There are a lot of pathologists, which can lead to impaired endometrial receptivity. First of all, we need to identify the risk factors of endometrial pathology, and when we see a patient, we can ask about her case history, and we can determine these risk factors. I think there can be menstrual cycles disturbances, endocrine disorders, history of intrauterine interventions like abortions, curettage and pregnancy loss, usage of intrauterine contraception, chronic pelvic inflammatory diseases f.e. obstruction of the tubes, some of the gynaecological conditions like endometriosis, fibroids which also can influence the endometrial receptivity.

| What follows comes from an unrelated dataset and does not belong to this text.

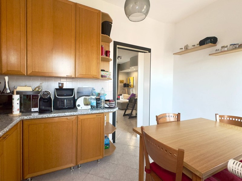 Labitazione è attualmente divisa da un lungo disimpegno che collega i vari ambienti, entrando sulla destra troviamo il cuore della casa, il soggiorno, ampio e lineare dotato di un balcone con affaccio esterno. Proseguendo abbiamo la cucina abitabile composta da due spazi collegati, un piccolo angolo cottura e la zona pranzo più ampia, dotata anchessa di un balcone con affaccio interno, adiacente abbiamo la spaziosa e luminosa camera da letto ed infine il bagno finestrato, dotato di vasca e cabina doccia.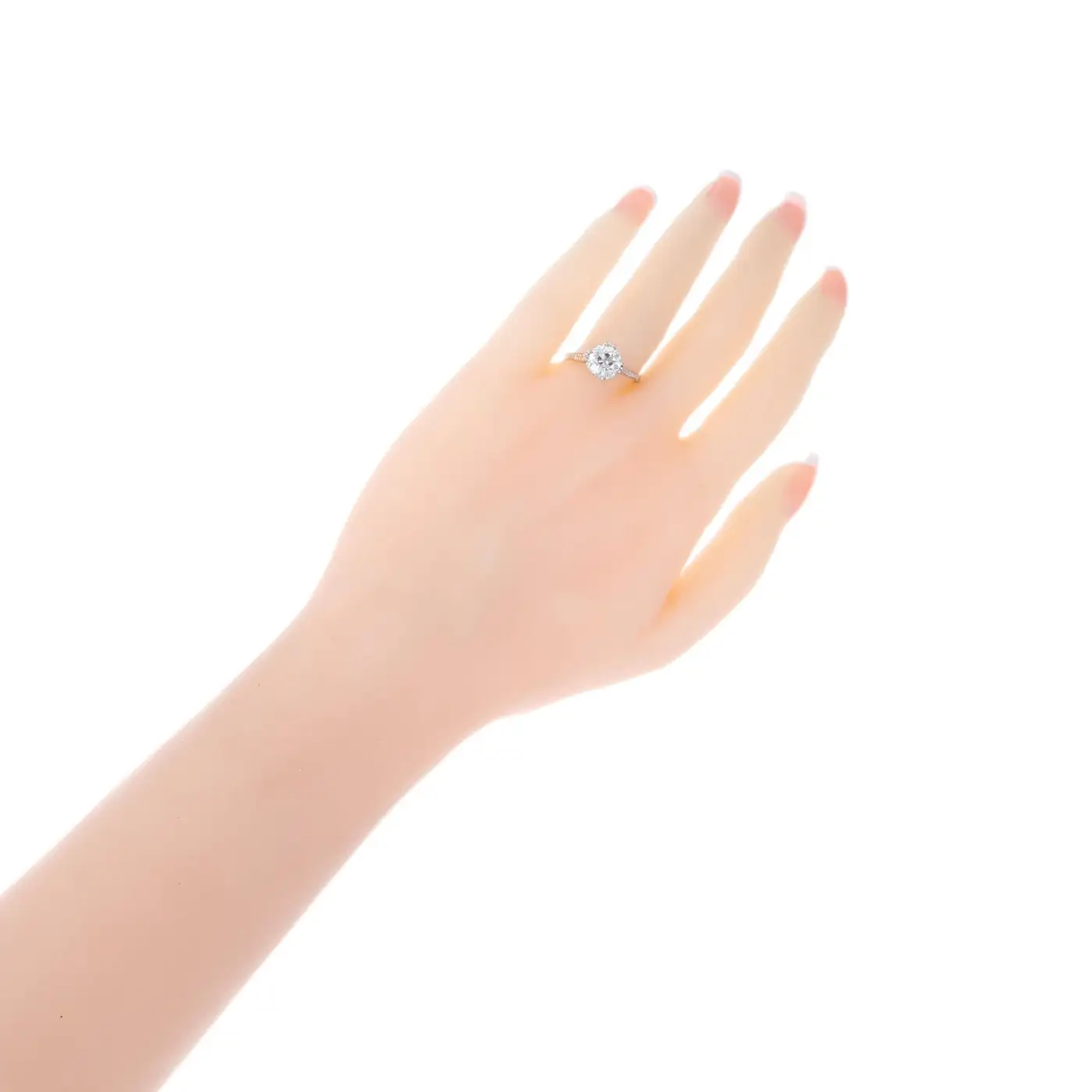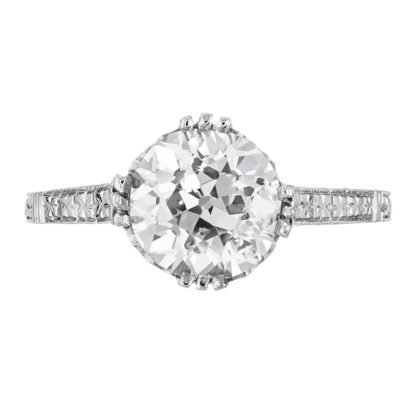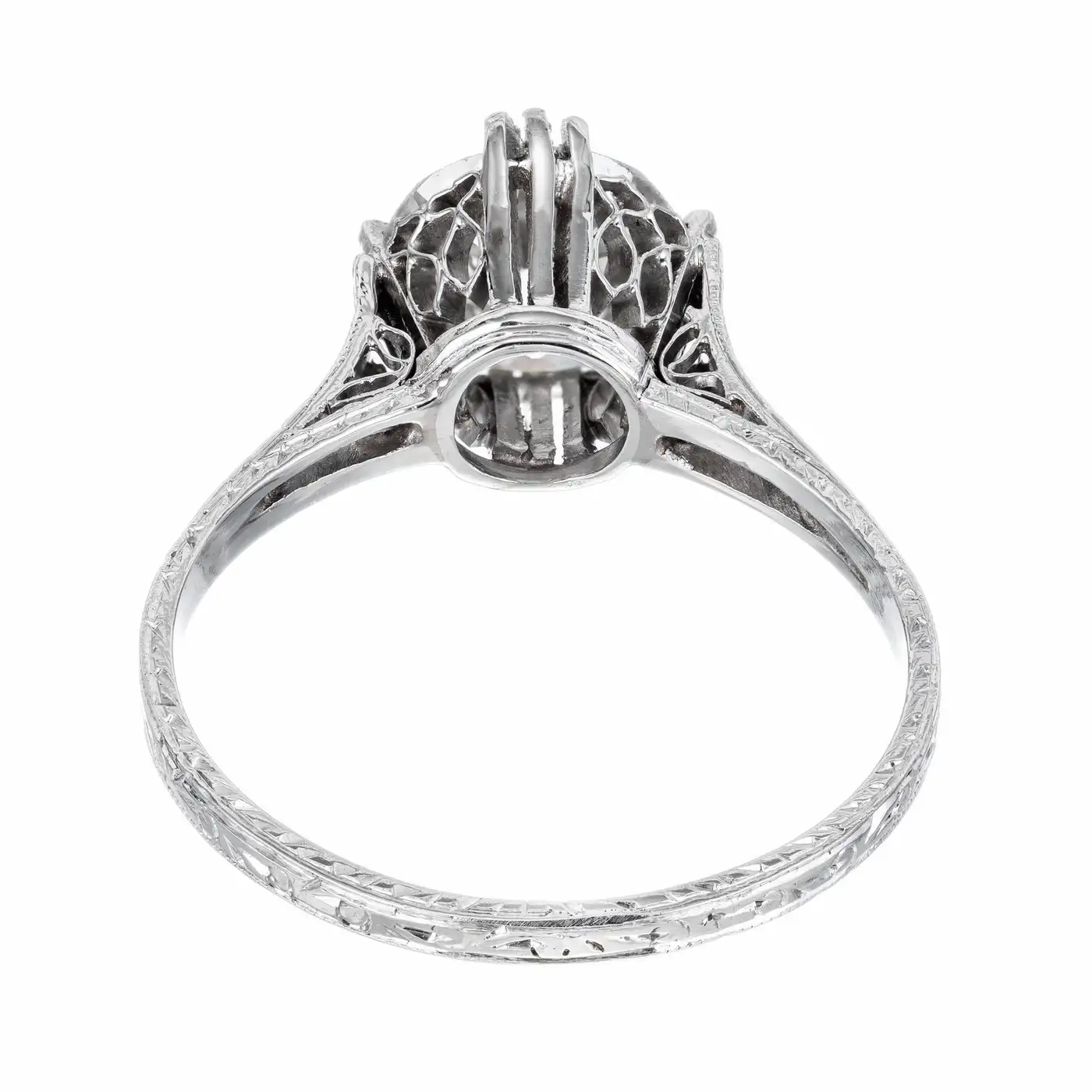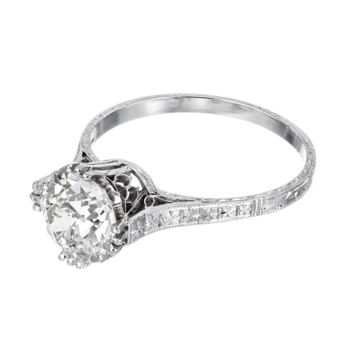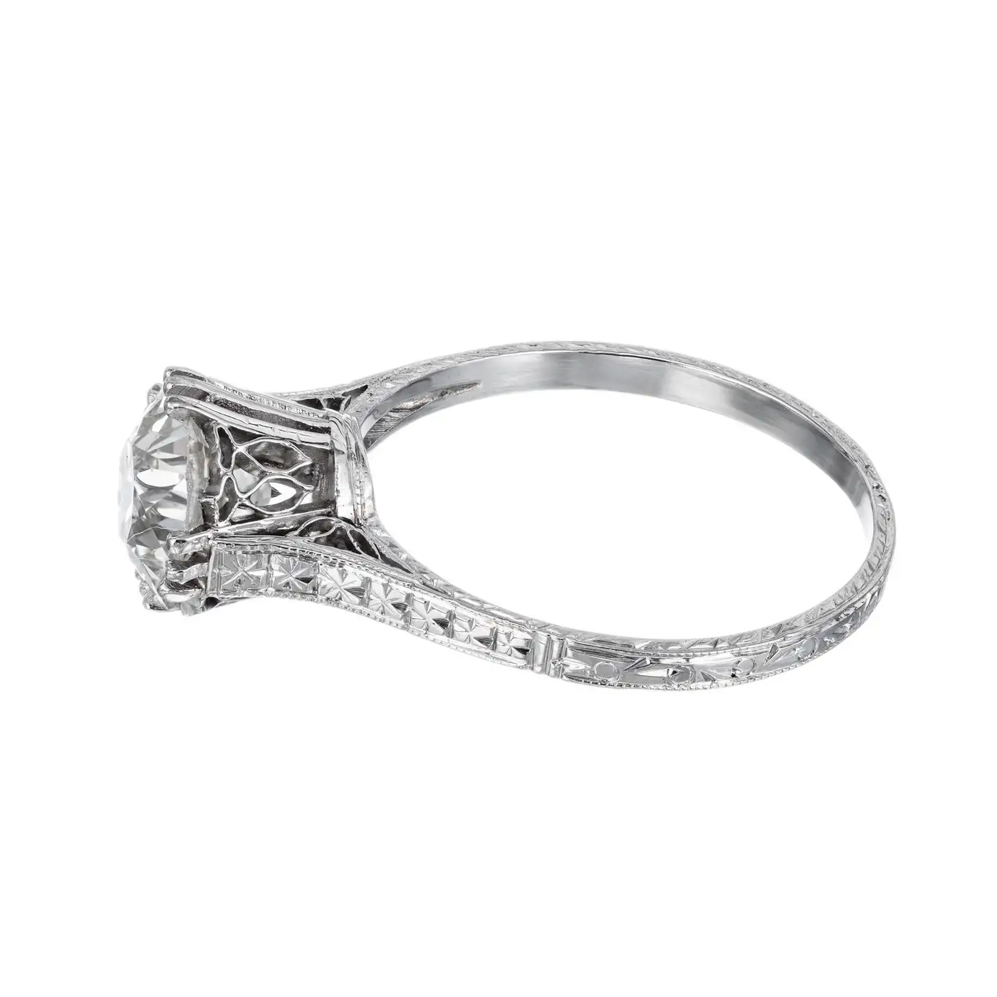 EGL certfied Old European Ideal cut centre diamond in a pierced and engraved platinum setting.

Sometimes when we know that patient has a risk factor, first, we recommend checking the uterine condition by hysteroscopy and the endometrial biopsy to reveal some pathology and to treat it if it is possible. We also can find endometrium that is not growing with normal doses of estrogens and in such cases, we have to prescribe higher doses of estrogens to prepare endometrium. Sometimes, we can also find endometrial polyps, they represent another endometrial growth disorder that may result from a hyperestrogenic state. If they find the polyps inside the uterine cavity, we need to remove it before the preparation is started. Also, we can find, endometrial lesions, and it can be another reason for implantation failures or pregnancy loss. We know that among infertile women, about 45% has chronic endometritis and in particular, these patients that have recurrent implantation failures. Chronic endometritis can be diagnosed during the histological examination, and in some cases, we can add immunohistochemistry to diagnose it, we can also try to find the bacteria which caused this pathology.
Sometimes we cannot find any bacteria, we can just find a proportion of normal bacteria in the reproductive tract, and this also can lead to this chronic inflammation. If you find chronic endometritis, we need to treat it before we start preparation. I also need to say a few words about a common gynaecological disease which is uterine fibroids, and if they find submucosal fibroid which is protruding the uterine cavity into the endometrium, it should be removed before they start endometrium preparation. If we’re talking about another type of fibroids, we can remove them or not, it depends on the size, its location, so not all of them need to be removed. Submucosal fibroids, on the other hand, should be removed in every case.